WHAT TO PRODUCE | Your answer should be the full listing, copied word for word.

******

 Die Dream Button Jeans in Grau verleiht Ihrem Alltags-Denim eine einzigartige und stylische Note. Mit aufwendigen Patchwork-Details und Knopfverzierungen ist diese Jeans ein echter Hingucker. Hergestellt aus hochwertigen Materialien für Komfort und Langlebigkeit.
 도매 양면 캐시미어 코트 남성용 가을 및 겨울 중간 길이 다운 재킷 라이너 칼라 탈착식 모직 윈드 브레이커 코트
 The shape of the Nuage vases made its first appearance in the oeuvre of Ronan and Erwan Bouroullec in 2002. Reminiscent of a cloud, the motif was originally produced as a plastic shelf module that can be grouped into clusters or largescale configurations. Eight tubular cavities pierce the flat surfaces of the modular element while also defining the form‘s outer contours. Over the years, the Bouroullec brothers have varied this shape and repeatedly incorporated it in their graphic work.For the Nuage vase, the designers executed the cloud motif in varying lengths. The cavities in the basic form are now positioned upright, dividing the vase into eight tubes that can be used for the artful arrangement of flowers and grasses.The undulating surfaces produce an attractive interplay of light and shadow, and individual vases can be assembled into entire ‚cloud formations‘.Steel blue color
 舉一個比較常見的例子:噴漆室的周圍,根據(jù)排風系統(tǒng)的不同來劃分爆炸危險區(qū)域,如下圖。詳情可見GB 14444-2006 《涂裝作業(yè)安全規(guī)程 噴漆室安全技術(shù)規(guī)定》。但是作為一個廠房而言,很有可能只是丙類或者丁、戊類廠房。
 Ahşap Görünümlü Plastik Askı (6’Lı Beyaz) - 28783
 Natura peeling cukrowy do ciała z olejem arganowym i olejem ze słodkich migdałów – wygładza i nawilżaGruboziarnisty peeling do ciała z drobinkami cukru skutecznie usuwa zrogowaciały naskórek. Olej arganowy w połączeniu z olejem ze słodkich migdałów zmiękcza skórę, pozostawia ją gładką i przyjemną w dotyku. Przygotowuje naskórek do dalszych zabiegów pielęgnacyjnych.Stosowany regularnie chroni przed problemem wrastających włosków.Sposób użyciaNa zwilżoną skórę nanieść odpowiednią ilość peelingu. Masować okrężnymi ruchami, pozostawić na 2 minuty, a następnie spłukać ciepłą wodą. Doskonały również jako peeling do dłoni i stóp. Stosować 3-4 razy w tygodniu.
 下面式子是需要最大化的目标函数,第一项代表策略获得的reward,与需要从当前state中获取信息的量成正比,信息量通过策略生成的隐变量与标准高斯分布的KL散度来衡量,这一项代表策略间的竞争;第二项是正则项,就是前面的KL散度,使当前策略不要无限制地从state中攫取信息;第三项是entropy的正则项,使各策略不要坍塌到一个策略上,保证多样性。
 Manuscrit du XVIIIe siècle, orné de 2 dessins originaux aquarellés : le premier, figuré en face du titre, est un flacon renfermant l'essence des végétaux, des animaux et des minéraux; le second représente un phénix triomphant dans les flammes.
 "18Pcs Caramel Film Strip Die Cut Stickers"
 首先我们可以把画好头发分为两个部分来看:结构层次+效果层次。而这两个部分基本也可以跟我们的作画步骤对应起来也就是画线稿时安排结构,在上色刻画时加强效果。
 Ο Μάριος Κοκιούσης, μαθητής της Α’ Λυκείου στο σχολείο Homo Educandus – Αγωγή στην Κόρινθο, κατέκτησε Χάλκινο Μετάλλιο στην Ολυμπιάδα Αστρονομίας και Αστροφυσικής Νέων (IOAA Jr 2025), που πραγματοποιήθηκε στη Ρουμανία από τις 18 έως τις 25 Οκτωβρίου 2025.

******

THE COMPLETED TASK |
 Die Dream Button Jeans in Grau verleiht Ihrem Alltags-Denim eine einzigartige und stylische Note. Mit aufwendigen Patchwork-Details und Knopfverzierungen ist diese Jeans ein echter Hingucker. Hergestellt aus hochwertigen Materialien für Komfort und Langlebigkeit.
 도매 양면 캐시미어 코트 남성용 가을 및 겨울 중간 길이 다운 재킷 라이너 칼라 탈착식 모직 윈드 브레이커 코트
 The shape of the Nuage vases made its first appearance in the oeuvre of Ronan and Erwan Bouroullec in 2002. Reminiscent of a cloud, the motif was originally produced as a plastic shelf module that can be grouped into clusters or largescale configurations. Eight tubular cavities pierce the flat surfaces of the modular element while also defining the form‘s outer contours. Over the years, the Bouroullec brothers have varied this shape and repeatedly incorporated it in their graphic work.For the Nuage vase, the designers executed the cloud motif in varying lengths. The cavities in the basic form are now positioned upright, dividing the vase into eight tubes that can be used for the artful arrangement of flowers and grasses.The undulating surfaces produce an attractive interplay of light and shadow, and individual vases can be assembled into entire ‚cloud formations‘.Steel blue color
 舉一個比較常見的例子:噴漆室的周圍,根據(jù)排風系統(tǒng)的不同來劃分爆炸危險區(qū)域,如下圖。詳情可見GB 14444-2006 《涂裝作業(yè)安全規(guī)程 噴漆室安全技術(shù)規(guī)定》。但是作為一個廠房而言,很有可能只是丙類或者丁、戊類廠房。
 Ahşap Görünümlü Plastik Askı (6’Lı Beyaz) - 28783
 Natura peeling cukrowy do ciała z olejem arganowym i olejem ze słodkich migdałów – wygładza i nawilżaGruboziarnisty peeling do ciała z drobinkami cukru skutecznie usuwa zrogowaciały naskórek. Olej arganowy w połączeniu z olejem ze słodkich migdałów zmiękcza skórę, pozostawia ją gładką i przyjemną w dotyku. Przygotowuje naskórek do dalszych zabiegów pielęgnacyjnych.Stosowany regularnie chroni przed problemem wrastających włosków.Sposób użyciaNa zwilżoną skórę nanieść odpowiednią ilość peelingu. Masować okrężnymi ruchami, pozostawić na 2 minuty, a następnie spłukać ciepłą wodą. Doskonały również jako peeling do dłoni i stóp. Stosować 3-4 razy w tygodniu.
 下面式子是需要最大化的目标函数,第一项代表策略获得的reward,与需要从当前state中获取信息的量成正比,信息量通过策略生成的隐变量与标准高斯分布的KL散度来衡量,这一项代表策略间的竞争;第二项是正则项,就是前面的KL散度,使当前策略不要无限制地从state中攫取信息;第三项是entropy的正则项,使各策略不要坍塌到一个策略上,保证多样性。
 Manuscrit du XVIIIe siècle, orné de 2 dessins originaux aquarellés : le premier, figuré en face du titre, est un flacon renfermant l'essence des végétaux, des animaux et des minéraux; le second représente un phénix triomphant dans les flammes.
 "18Pcs Caramel Film Strip Die Cut Stickers"
 首先我们可以把画好头发分为两个部分来看:结构层次+效果层次。而这两个部分基本也可以跟我们的作画步骤对应起来也就是画线稿时安排结构,在上色刻画时加强效果。
 Ο Μάριος Κοκιούσης, μαθητής της Α’ Λυκείου στο σχολείο Homo Educandus – Αγωγή στην Κόρινθο, κατέκτησε Χάλκινο Μετάλλιο στην Ολυμπιάδα Αστρονομίας και Αστροφυσικής Νέων (IOAA Jr 2025), που πραγματοποιήθηκε στη Ρουμανία από τις 18 έως τις 25 Οκτωβρίου 2025.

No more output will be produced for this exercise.